#  > 【巍峨峻山】 公告服務區 >  > 意見箱 >  >  『狼之樂園：討論方針』公開表決（至5/15 24:00）

## 雪麒

*投票已經結束*
是次投票共獲得總票數35票，有效票數34票
其中：
支持票28票，有效票數*27票*（79.41%）
反對票7票，有效票數*7票*（20.69%）
據此，表決結果為：
*『狼之樂園：討論方針』於2015年5月16日0:00起，成為狼之樂園社群的正式方針*

各位想必都了解，最近不可謂不是樂園的多事之秋。

而吸取教訓、化解爭議、促進社群的和平和發展，應當是社群管理者的職責。

要化解爭議，需要整個社群合力建立起一套強韌的行為指引和精神，
並有嚴謹的制度作為保障，
方能以團結一致的共識對抗外部壓力和內部矛盾。
在狼之樂園中，
我們是該友善，還是處處為敵？
我們是該寬容，還是斤斤計較？
哪些是我們接受的，哪些是我們反對的？
當我們有了一致的共識，
我們才能在各種波折中找到支點，同仇敵愾。

有鑑於此，特擬定此討論方針，並交由社群的所有會員進行表決，請樂園眾獸用爪中的一票，決定樂園的未來。

*表決採公開形式，時長3天（至5/15 24:00），任何發帖數滿10篇之會員有權參與是次表決且均擁有一票，獲半數及以上支持票視為通過。*
如果您認同以下方針表決稿之全部內容，支持其生效成為狼之樂園社群的正式方針，請投『支持』
如果您不認同以下方針表決稿之一點或多點，不支持其生效成為狼之樂園社群的正式方針，請投『不支持』

而作為社群的管理者和伺服器的持有者，我也承諾：

*若此項方針得到表決通過，我將以我雪麒之名，捍衛此項方針的地位和尊嚴。*

狀態：
時間
階段
完成情況

2015/5/11 0:00 - 2015/5/12 24:00
管理員討論版徵集意見
*完成*

2015/5/13 0:00 - 2015/5/15 24:00
公開表決
*通過*




方針表決稿全文如下：

*狼之樂園：討論方針*
Discussion Policies of Wolves' Paradise
為了狼之樂園的和平，穩定與發展，狼之樂園特設立創作與討論方針，本文為討論方針。方針是狼之樂園社群所普遍接受並應當遵循的行為準則，因全社群的表決通過而生效，是社群共識的體現，並由具體規定所支撐，適用於狼之樂園的所有會員與管理者。
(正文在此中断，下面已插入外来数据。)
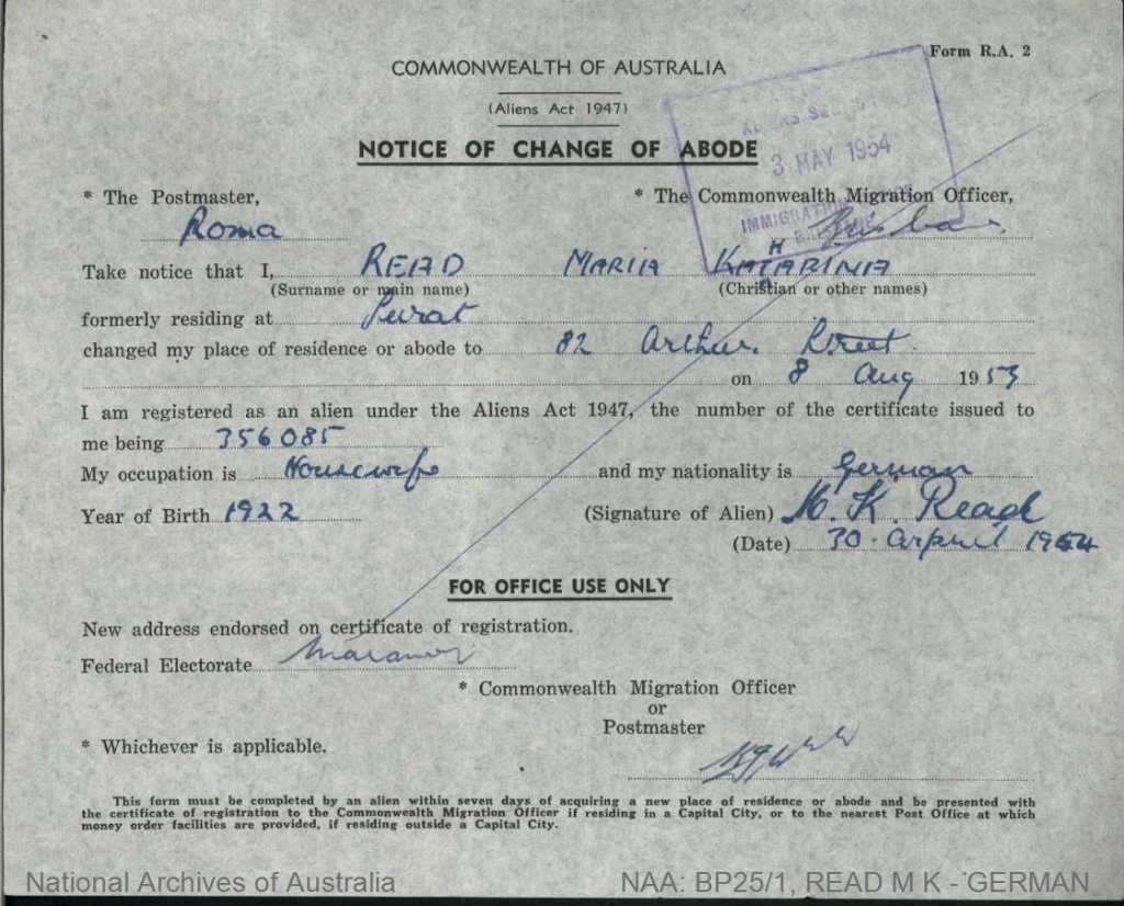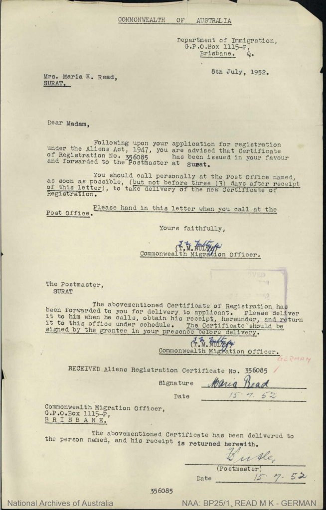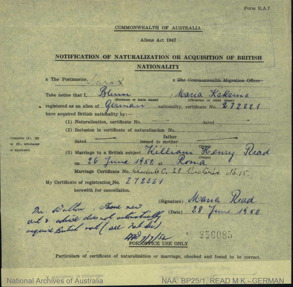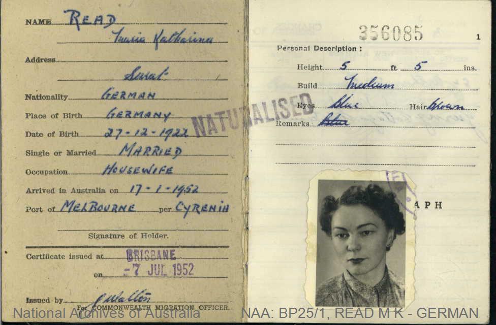 Naturalised 7 July 1952 ( states now married housewife living in Surat) Maria R Read

儘管成文方針有其不可避免的欠缺性，難以覆蓋干擾或惡意行為的所有可能形式。但無論如何，只要會員的行為與成文方針的內在精神背道而馳，便可能受到譴責，即便沒有違反文字形式的規定。反之，抱持善意、展現文明、尋求共識並且致力於狼之樂園的和平、穩定與發展的會員和管理者，將受到大家的歡迎。

*方針一：保持禮儀 (WP:EQ)*
簡而言之：*請保持謙讓，寬以待物，讓其他會員覺得受到歡迎，多給予讚美和寬恕。*

詳細論述


狼之樂園的會員來自整個大中華地區，擁有着不同的文化。同時，每位同好的獸身分產生原因及投入情感程度皆不相同。尊重其他會員，保持禮儀，是狼之樂園和平發展的關鍵。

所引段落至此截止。